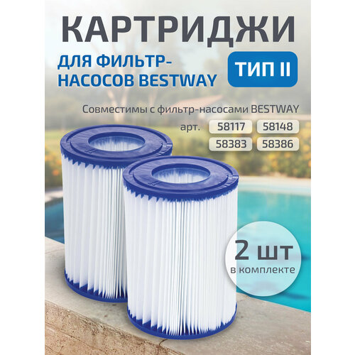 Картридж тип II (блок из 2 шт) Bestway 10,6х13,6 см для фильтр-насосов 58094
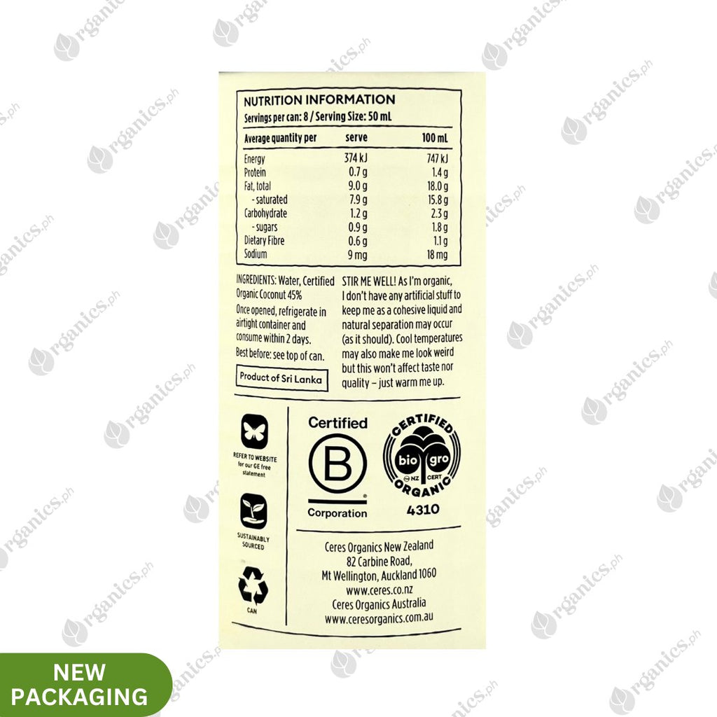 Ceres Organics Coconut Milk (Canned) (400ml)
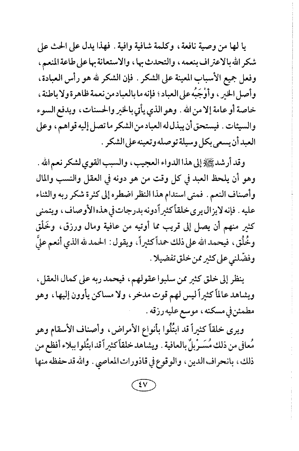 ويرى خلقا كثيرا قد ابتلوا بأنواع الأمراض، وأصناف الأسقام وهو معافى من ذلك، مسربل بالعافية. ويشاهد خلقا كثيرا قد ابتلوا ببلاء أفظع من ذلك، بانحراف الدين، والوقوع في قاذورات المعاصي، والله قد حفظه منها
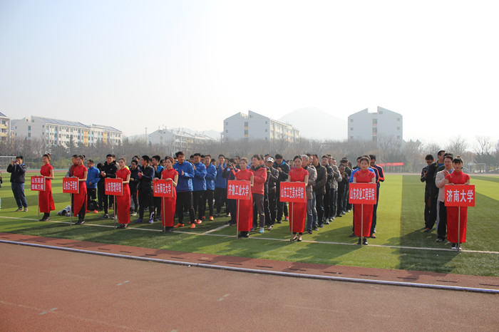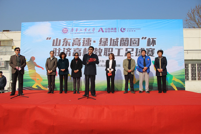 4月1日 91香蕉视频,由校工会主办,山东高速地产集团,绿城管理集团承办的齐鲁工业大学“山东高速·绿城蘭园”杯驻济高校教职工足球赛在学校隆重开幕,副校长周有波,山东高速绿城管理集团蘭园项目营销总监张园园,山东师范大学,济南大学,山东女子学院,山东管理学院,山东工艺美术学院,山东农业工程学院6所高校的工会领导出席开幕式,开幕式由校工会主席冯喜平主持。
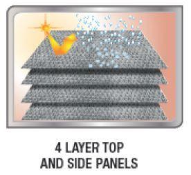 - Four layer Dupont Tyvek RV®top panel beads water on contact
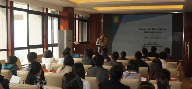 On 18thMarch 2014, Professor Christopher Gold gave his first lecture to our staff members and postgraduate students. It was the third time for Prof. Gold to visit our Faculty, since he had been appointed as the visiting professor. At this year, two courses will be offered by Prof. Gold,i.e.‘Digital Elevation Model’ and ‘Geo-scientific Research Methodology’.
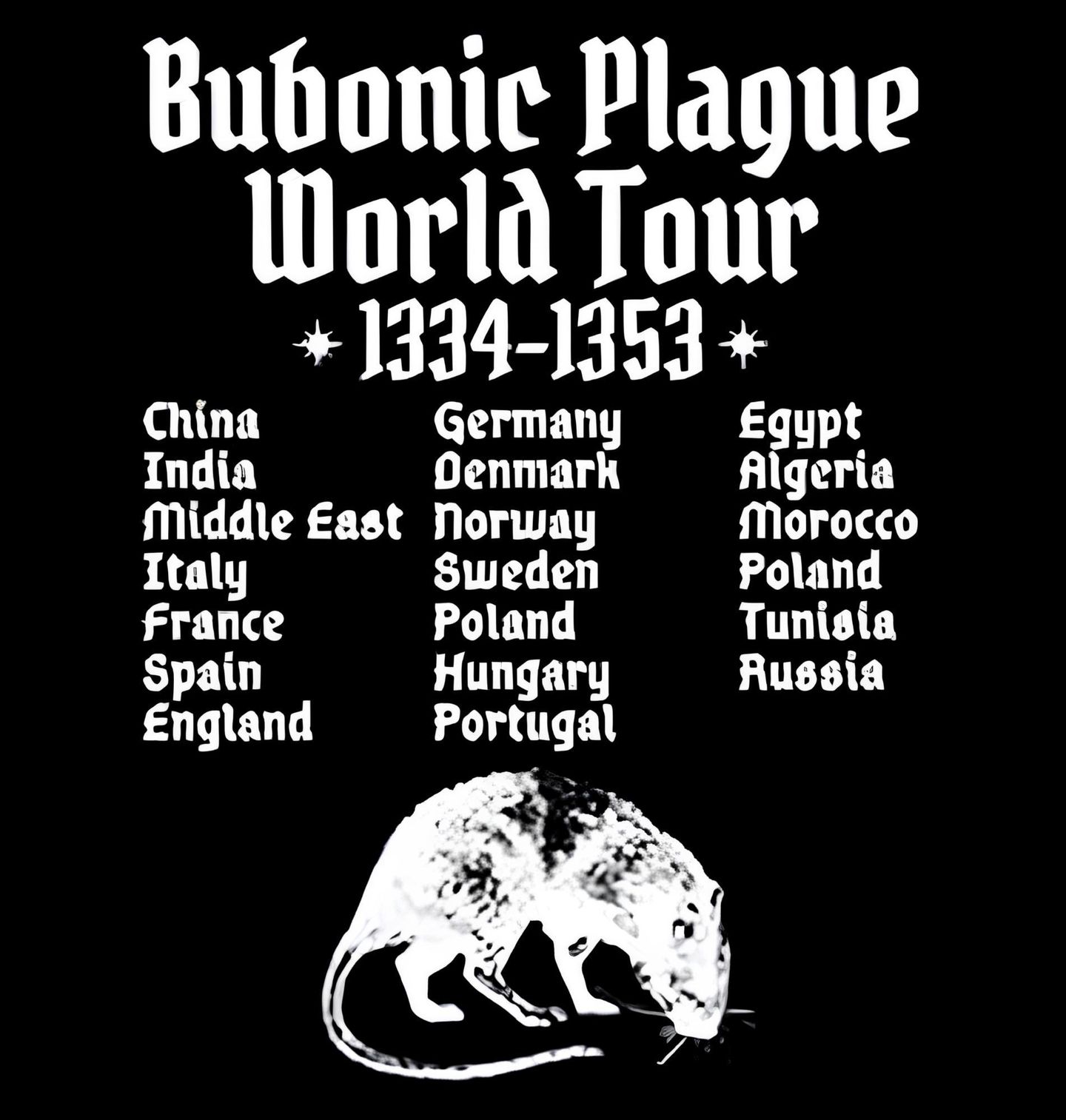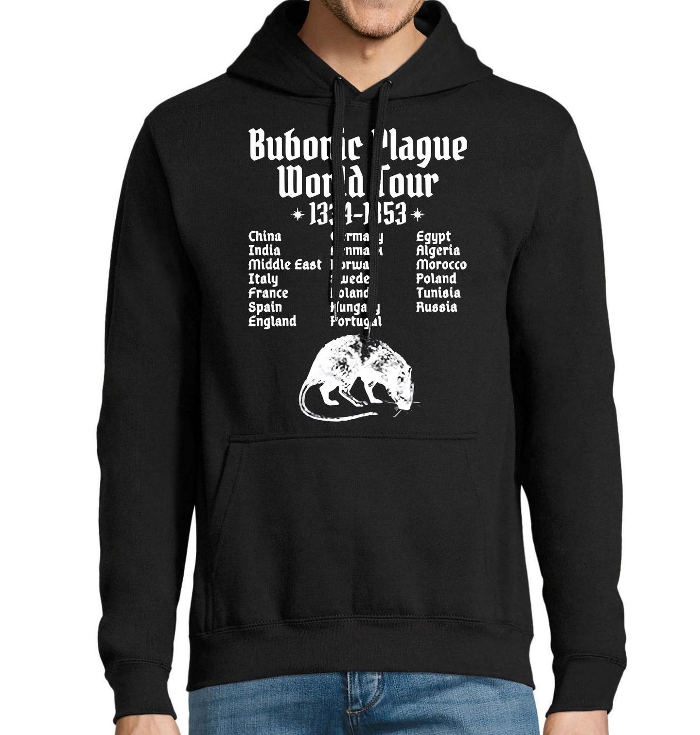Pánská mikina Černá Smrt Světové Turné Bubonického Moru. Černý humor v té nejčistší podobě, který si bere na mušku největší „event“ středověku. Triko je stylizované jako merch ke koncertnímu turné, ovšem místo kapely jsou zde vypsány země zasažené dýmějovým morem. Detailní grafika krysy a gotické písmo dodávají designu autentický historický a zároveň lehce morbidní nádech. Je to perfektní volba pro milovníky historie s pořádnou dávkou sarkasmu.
⁂
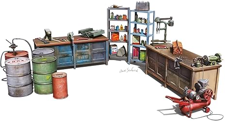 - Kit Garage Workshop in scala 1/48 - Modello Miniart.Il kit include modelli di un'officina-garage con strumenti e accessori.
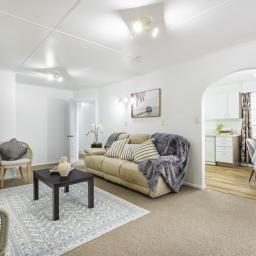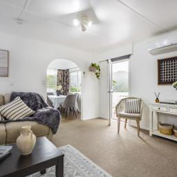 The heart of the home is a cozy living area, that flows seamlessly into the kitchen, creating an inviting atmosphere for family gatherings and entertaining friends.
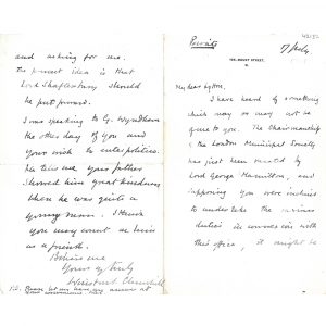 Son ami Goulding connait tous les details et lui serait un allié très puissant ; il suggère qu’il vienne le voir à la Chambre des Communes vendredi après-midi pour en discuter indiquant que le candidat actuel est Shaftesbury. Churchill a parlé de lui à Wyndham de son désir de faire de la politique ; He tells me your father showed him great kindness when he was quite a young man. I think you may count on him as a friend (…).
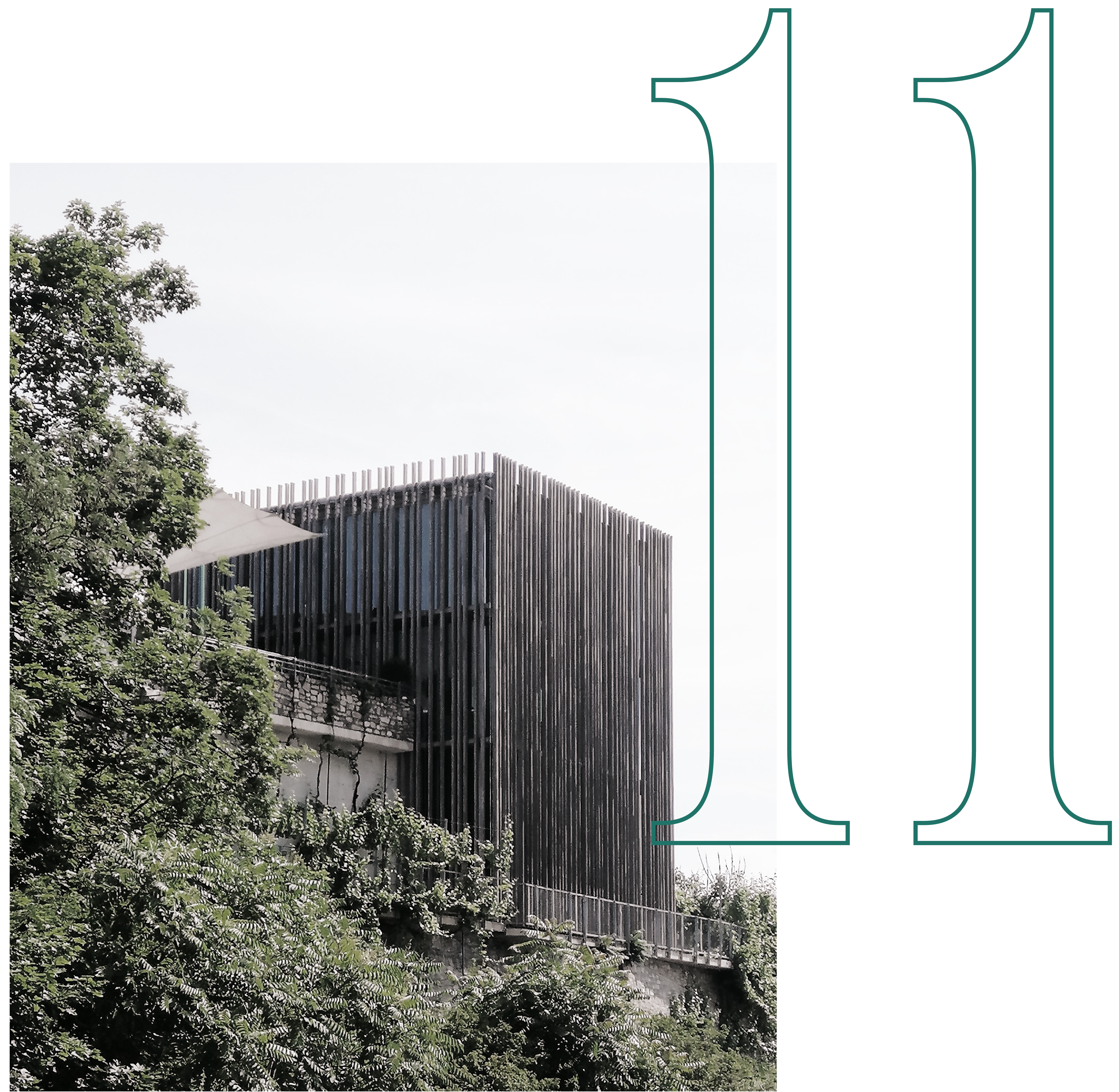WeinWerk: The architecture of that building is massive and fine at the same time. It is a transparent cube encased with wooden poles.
⁂
▶ WHAT TO WORK ON
Take only the lines above from the one that has "Картридж тип II" through the one that has "- Four layer" and reproduce them exactly, omitting any pictures.

▶ RESPONSE TO THE TASK
 Картридж тип II (блок из 2 шт) Bestway 10,6х13,6 см для фильтр-насосов 58094
 Ceres Organics Coconut Milk (Canned) (400ml)
 ويرى خلقا كثيرا قد ابتلوا بأنواع الأمراض، وأصناف الأسقام وهو معافى من ذلك، مسربل بالعافية. ويشاهد خلقا كثيرا قد ابتلوا ببلاء أفظع من ذلك، بانحراف الدين، والوقوع في قاذورات المعاصي، والله قد حفظه منها
 4月1日 91香蕉视频,由校工会主办,山东高速地产集团,绿城管理集团承办的齐鲁工业大学“山东高速·绿城蘭园”杯驻济高校教职工足球赛在学校隆重开幕,副校长周有波,山东高速绿城管理集团蘭园项目营销总监张园园,山东师范大学,济南大学,山东女子学院,山东管理学院,山东工艺美术学院,山东农业工程学院6所高校的工会领导出席开幕式,开幕式由校工会主席冯喜平主持。
 - Four layer Dupont Tyvek RV®top panel beads water on contact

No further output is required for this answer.